A vocal warm-up may be explained
as any series of exercises that prepare the voice for singing, acting, reading,
and any for any other use. Warming-up plays a most important role for any
vocalist and also for any human being interested in keeping his/her voice
healthy. You can think of warming up as a magical tuning of your human vocal
box.
Certainly, when you exercise,
run, or play sports, a healthy warm-up is a good way to prepare, improve your
performance, and prevent injury to yourself. The same holds true when you use
your voice. A vocal warm up improves the quality of the sounds you make and
helps prevent vocal injury, keeping you in good voice and making your voice
production feel better.
But in most of our choirs, vocal
exercises are not done before the main activity for the day begins. Only a few
masters do vocal warm-ups before practice; however, most of those who do
warm-ups do it without an aim. They just play some ‘traditional passages’ for
the choristers to sing along or follow; as it has been the usual ritual.
For example, Soprano and Tenor
are upper voices while Alto and Bass are lower voices, and so there is no way
all parts can comfortably sing 'those highest pitches we are made to sing by
force' during warm-ups sections; same applies to low pitches.
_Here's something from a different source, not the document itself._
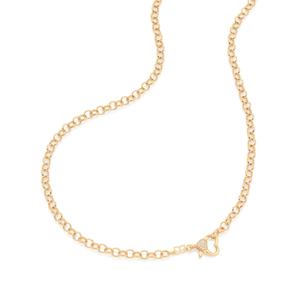 Gold plated necklace composed of a cable link chain with a clasp in the shape of a heart studded by twenty six white zirconias measuring 1mm each. size: 50cm.

You always make
your choristers sing ‘d-r-m-f-s-l-t-d1’. Is it not boring to always
sing the same things, without knowing what you are using it for? I am not say
we should use ‘d-r-m-f-s-l-t-d1’; but I am saying that we should
have purposes for using them.
Our warm-ups should have aims
and objectives: you should know whether you are doing a breathing exercise,
range expansion exercise, intonation exercise, projection exercises, etc. As
such, we should let our choristers know what the task is and give remarks as
well. They should know whether the task has been achieved or not; and they
should know how to practicalize it when they are singing.
If you don't study the voices of
your choristers and you just do any vocal warm-up without any aim, you may end
up damaging the voices of your choristers. You will cause vocal injury rather
than preventing vocal injury; you may also put much pressure on the voices
before the main practice begins and so your choristers will be tired even
before you start teaching them the songs for the day; you should not be
surprised if your choristers don't sing to your expectation, you might have
caused it.
Let’s put an end to the aimless
so-called vocal warm-ups or exercises we do everyday. Study the voices of your choristers and know what they need.